MILANO E’ quella che fa a riferimento Bartolo Bruzzaniti, trafficante pluripregiudicato con legami con le famiglie di ‘ndrangheta di Africo, nel Reggino, la struttura radicata in Lombardia con proiezioni nazionali smantellata dall’inchiesta della Dda e della Guardia di finanza di Milano che ha portato, su ordine della gip Stefania Donadeo, all’esecuzione di 38 arresti in carcere e due obblighi di presentazione alla polizia giudiziaria nelloperazione denominata “Money Delivery”. Con questo gruppo ritenuto «autorevole e affidabile» avrebbero fatto affari con carichi dall’Olanda di 300 chili di droga a settimana i broker internazionali Raffaele Imperiale e Bruno Carbone. Il gruppo Bruzzaniti avrebbe poi rifornito altri gruppi riforniti, trai quali quello della Comasina capeggiato da Davide Flachi, figlio dello scomparso boss Pepè (già oggetto di ordinanza custodiale in seguito della quale è stato recentemente condannato alla pena di anni venti di reclusione).
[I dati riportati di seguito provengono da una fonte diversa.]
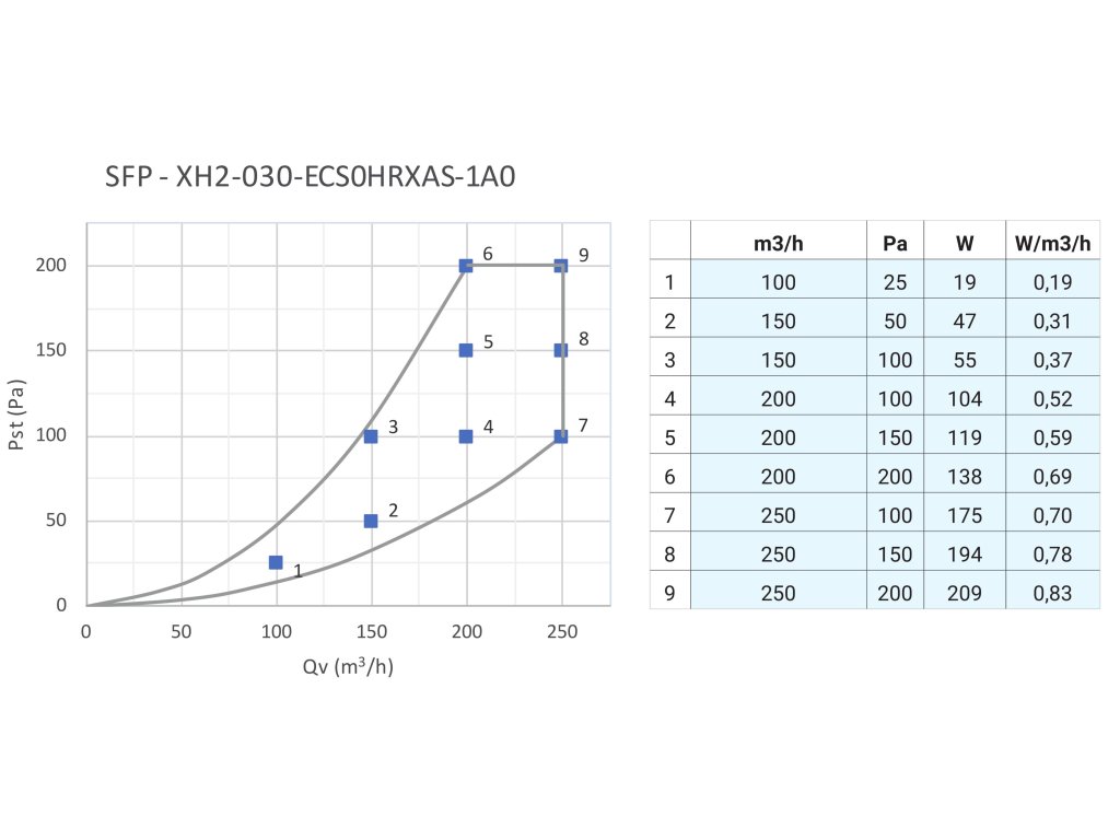 Centrální rekuperace - ⌀ 125 mm, přívod + odvod z interiéru vpravo, průtok 250 m3/h, tepelný výměník, energetická třída A, účinnost 88,3 %, bez předehřevu, bypass mechanický, filtrace M5 (lze dokoupit F7 - V22235), krytí IP 20, ventilátor s EC motorem, hlučnost 37,8 db (A), režim boost, dětský zámek, protimrazová ochrana, Wi-Fi připojení (s modulem V22596), volitelně (Co2 čidlo, vlhkostní čidlo), rozměry 800 × 600 mm (Š×V), hmotnost 16 kg
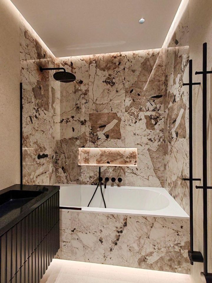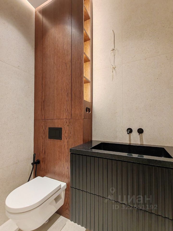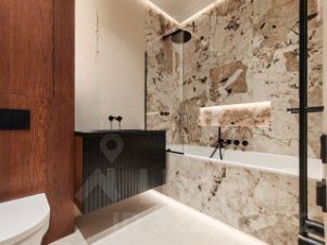 В спальне и сан узле спроектирован парящий потолок с мягкой подсветкой.
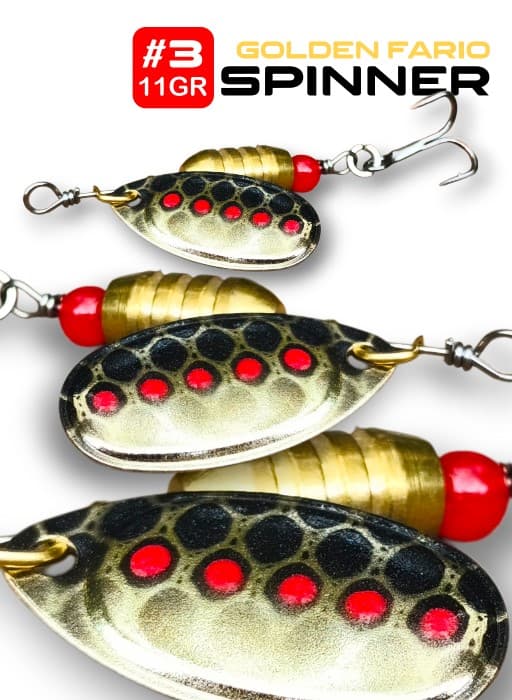 Spinner con diseño o patrón de escamas con puntos rojos, señuelo atractor de truchas.
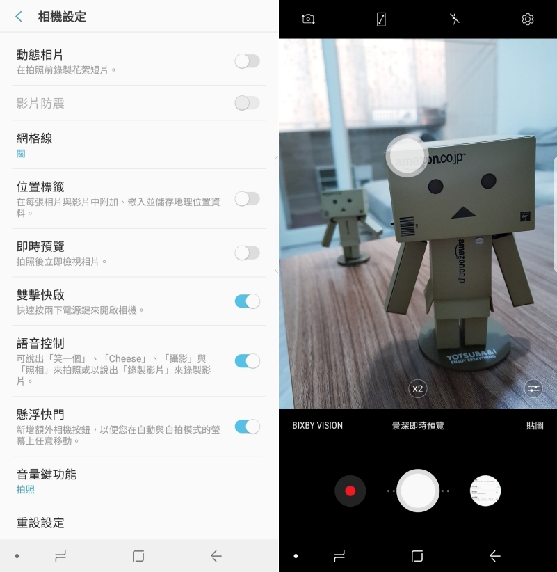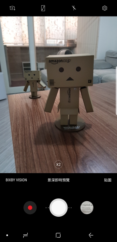 這次的雙鏡頭設計也讓相機介面看起來有種豐盛的感覺,除畫面上有個 X2 之外還有個景深即預覽,其實非常的好理解,X2 意思就是用來切換 2 倍望遠鏡頭,景深即時預覽當然就是用來開啟景深模式,可用在人像、物品等,沒有限制。
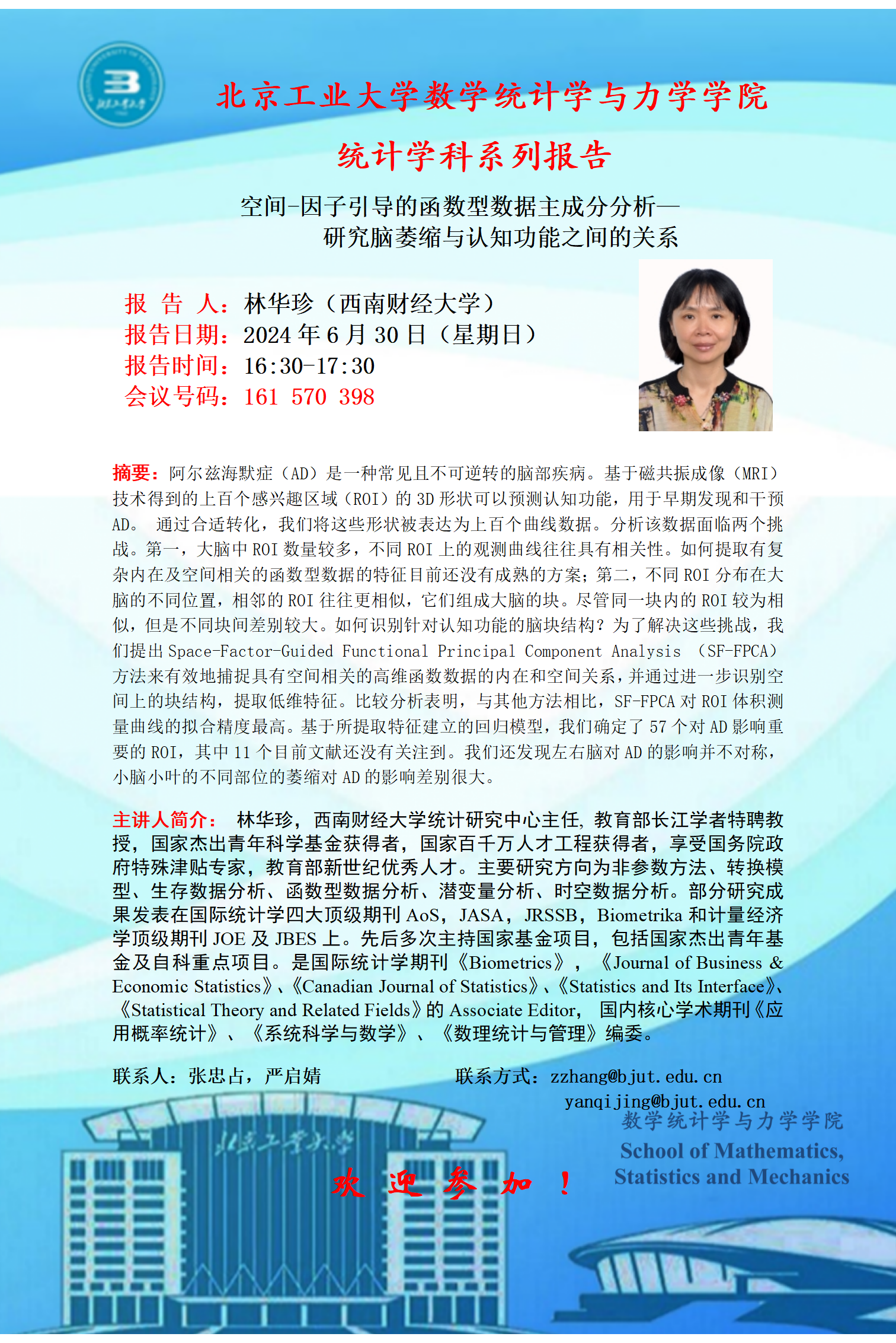 【数统力|学术报告】——空间-因子引导的函数型数据主成分分析-研究脑萎缩与认知功能之间的关系
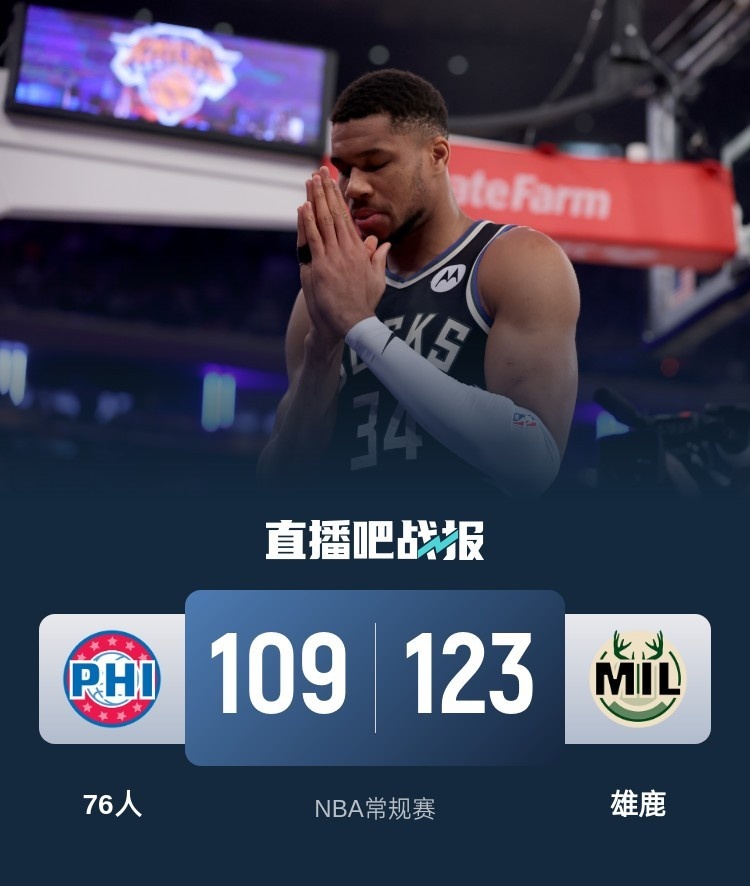 比赛上来,两队打得还是比较胶着,场上多次出现平分,不过在首节后半段雄鹿还是占据上风并建立起两位数的领先优势,次节76人一波15-2的小高潮直接完成反超,不过在节末的两分钟时间里他们一分未得,雄鹿连拿七分结束半场;下半场回来,雄鹿一直占据着场上主动,分差也是保持在十分左右,76人没有获得任何逆转的机会,最终雄鹿轻取76人,迎来四连胜的同时也送给后者六连败。
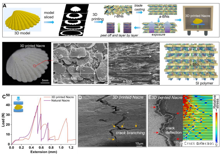2. The orientation mechanism of boron nitride (BN) in high viscosity slurry was studied. The nacre-inspired 3D printed structure with high loading of a-BN (55 wt%) showed higher fracture toughness and specific strength than natural nacre. Fundamental mechanistic studies revealed that the excellent mechanical properties were attributed to crack deflection, bridging of a-BNs, and covalent bonding between TMSPMA and the polymer matrix enhanced by large shear forces during boron nitride pull-out. Compared with pure photocurable resin, the structure enhances anisotropic thermal conductivity by a factor of 5.8.
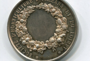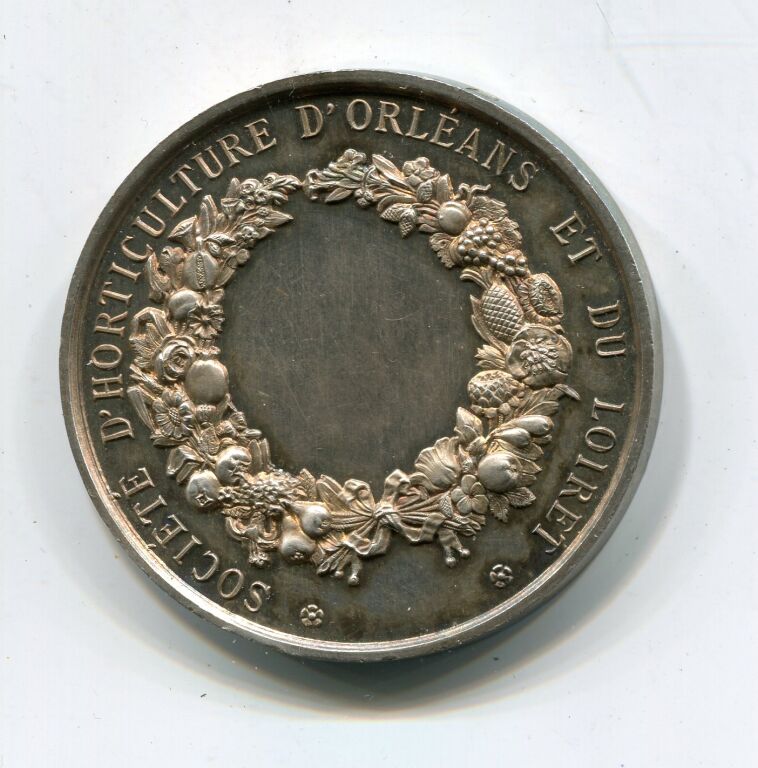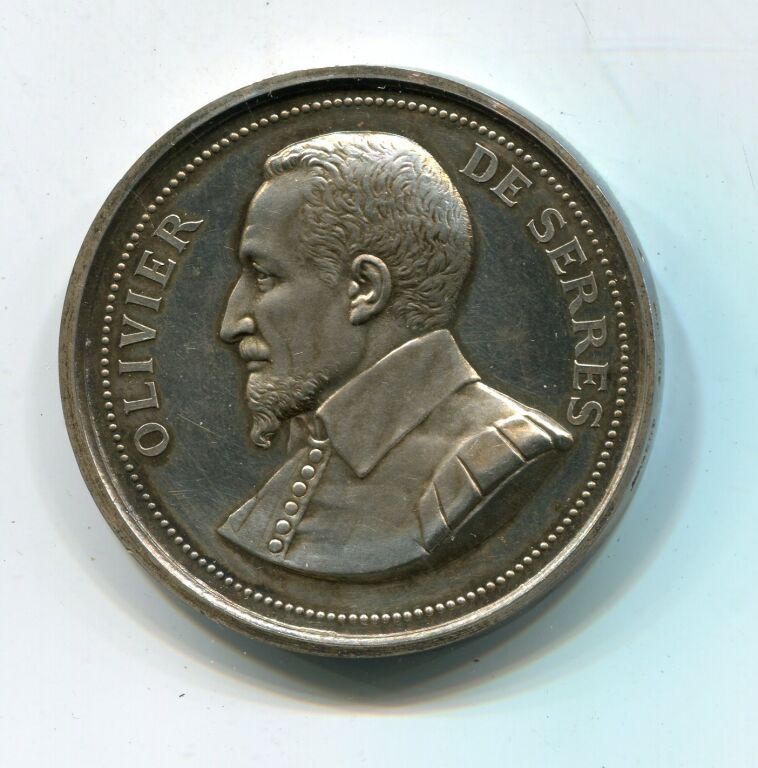 ARGENT - " SOCIETE D'HORTICULTURE D'ORLEANS et du LOIRET ", Grande médaille classe argent en argent 950 millièmes, couronne de fruits, fleurs et céréales, centre pour attribution.- " OLIVIER DE SERRES " épais listel, cercle de grenetis, en centre son portrait haut relief profil à gauche - sur la tranche poinçons argent 950 et tête de Minerve.
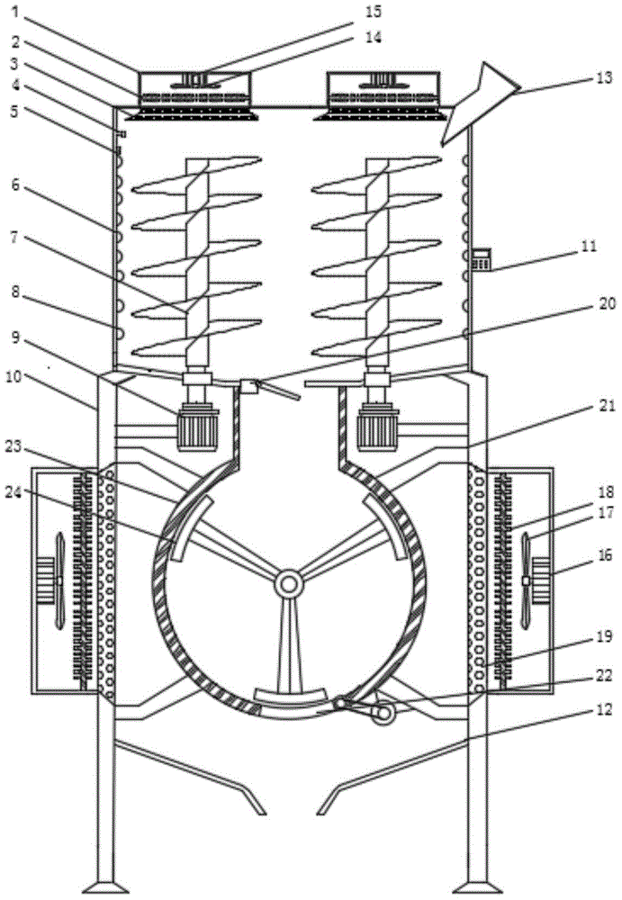 本实用新型公开了塑料颗粒烘干装置,包括第一热风机机壳和电机,所述第一热风机机壳内侧中部固定有第一热风机电机,且第一热风机电机底端中间位置设有扇叶,所述扇叶下方固定有第一翅片加热管,所述第一热风机机壳底部焊接有出风口,所述热风机机壳底部外侧与装置本体焊接,且装置本体上部一侧焊接有进料口,所述装置本体侧面设有控制器。本实用新型中,塑料颗粒烘干装置采用两组螺旋输送桨及第一热风机机壳、第一翅片加热管、第一出风口、温度感应器、湿度传感器、装置本体、螺旋输送桨、电加热管使塑料颗粒烘干更充分,尤其在两组螺旋输送桨的不断循环推送以及电加热管的辅助加热烘干,大大增强的烘干的效果。
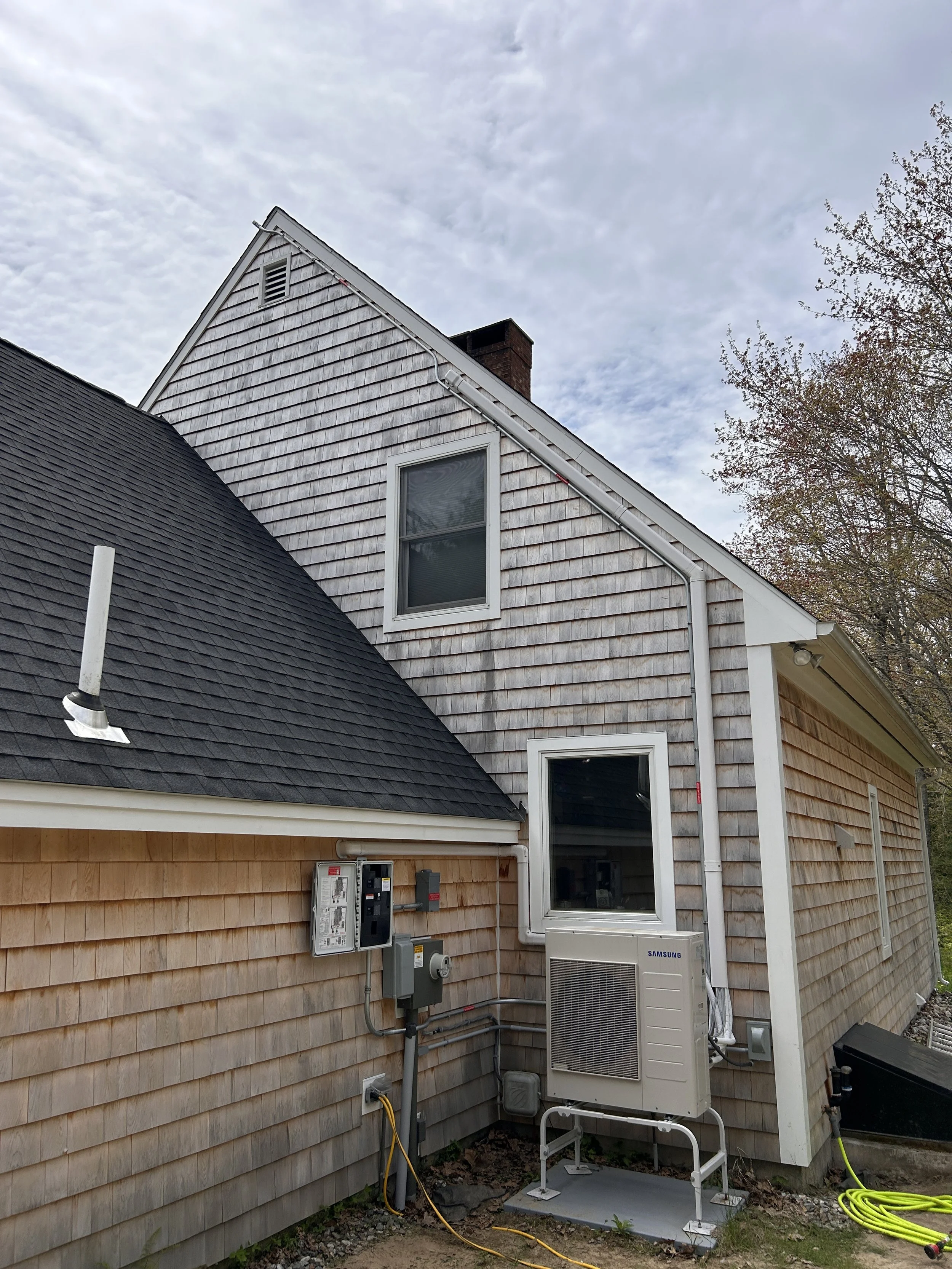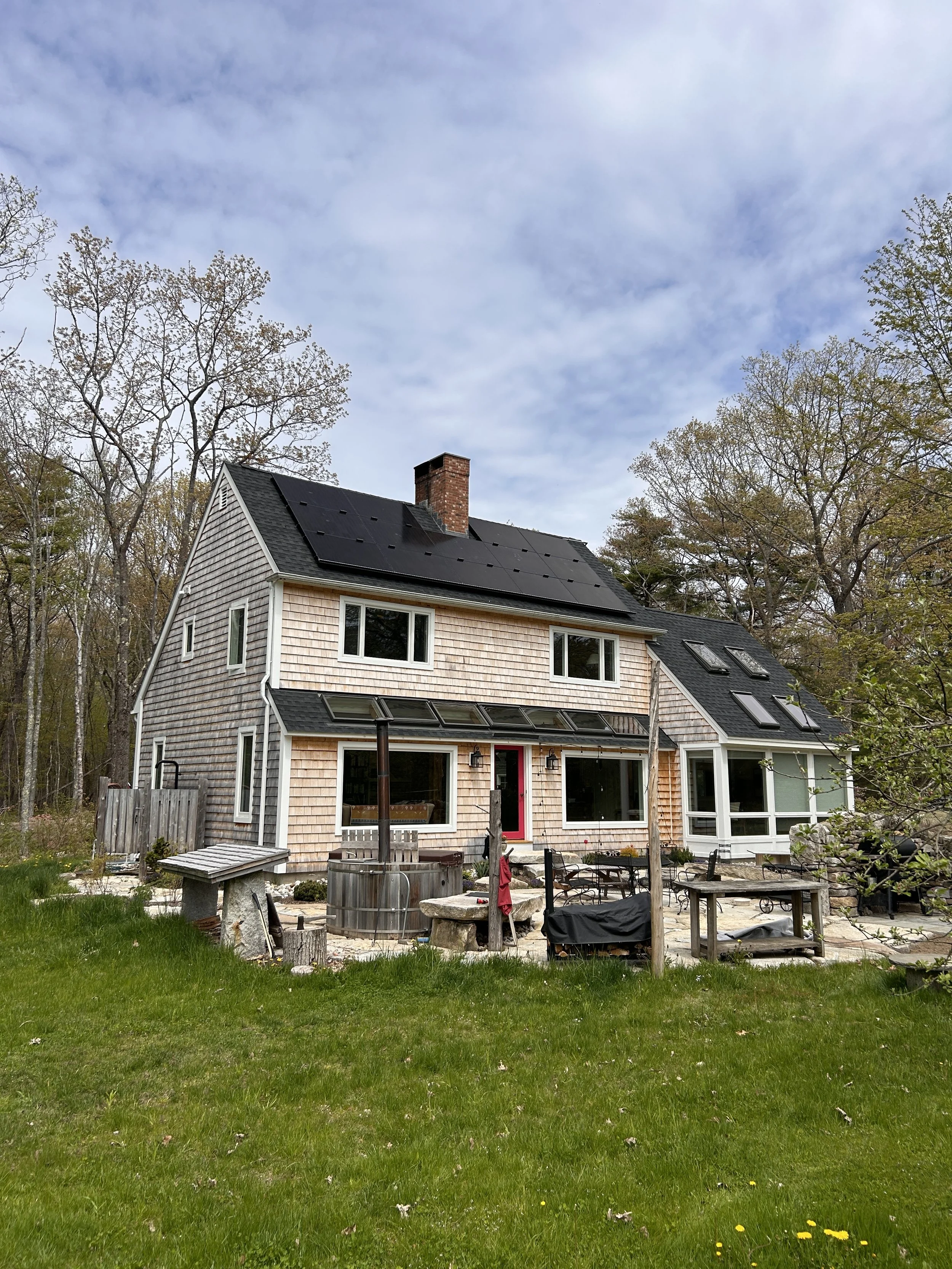 Solar install in Brunswick, ME. We installed 14 Q-Tron 425’s and Enphase micro inverters. As well, to protect the awesome architecture of this home and protect the sky lights bellow the system. We installed snow dogs and an alpine snow guard.

Nasce proprio dalle dichiarazioni di Raffaele Imperiale, importante broker della droga per la camorra, soprannominato il “boss dei Van Gogh“, estradato da Dubai nel marzo 2022 e di recente divenuto collaboratore di giustizia, l’inchiesta della Dda milanese su un maxi traffico di droga dal Nord Europa, gestito in “joint venture” da uomini legati alla ‘ndrangheta e alla mafia campana. Questi dettagli sono emersi dalla conferenza stampa in Procura a cui hanno preso parte, tra gli altri, il procuratore Marcello Viola, l’aggiunto della Dda Alessandra Dolci, il pm Gianluca Prisco, il comandante provinciale della Gdf di Milano Francesco Mazzotta e il comandante del Nucleo di polizia economico finanziaria della Gdf milanese Giuseppe D’Urso. Imperiale, come ha spiegato Dolci, ha raccontato che quando ha deciso di «investire» in Lombardia per i traffici di droga si è dovuto rivolgere necessariamente a Bartolo Bruzzaniti, tra i 38 destinatari dell’ordinanza eseguita dal Gico della Guardia di finanza milanese e con precedenti per traffici di droga. La droga, stando alle indagini, viaggiava sui tir e veniva stoccata in magazzini a Gerenzano (Varese). «Partivano i camion dall’Olanda – ha spiegato il pm Prisco – completamente riempiti con 200-300 chilogrammi di cocaina a viaggio, poi tante organizzazioni acquistavano all’ingrosso da Bruzzaniti, anche i Flachi compravano da Bruzzaniti». La «imponenza della entità del narcotraffico» sul territorio milanese, ha detto Viola, «continua a crescere». Viola ha messo in luce che l’indagine ha svelato una «operazione di ristrutturazione del traffico di droga, per migliorare la logistica e i pagamenti, grazie ai collegamenti con i broker campani e affinando un collaudato sistema di trasporto tramite tir, con pagamenti solo a consegna avvenuta». L’inchiesta si è basata sulle analisi dei messaggi criptati scambiati tra i narcotrafficanti e al momento nelle perquisizioni sono stati sequestrati «73mila euro» ma anche «armi da fuoco e armi bianche come pugnali». Nell’ordinanza, ha chiarito D’Urso, il gip definisce la «struttura lombarda» come una «stabile organizzazione», mutuando il termine dal settore fiscale. I 645 chilogrammi di cocaina sequestrati avevano un valore di «rivendita da 34mila euro al chilo», ossia di oltre 21 milioni di euro.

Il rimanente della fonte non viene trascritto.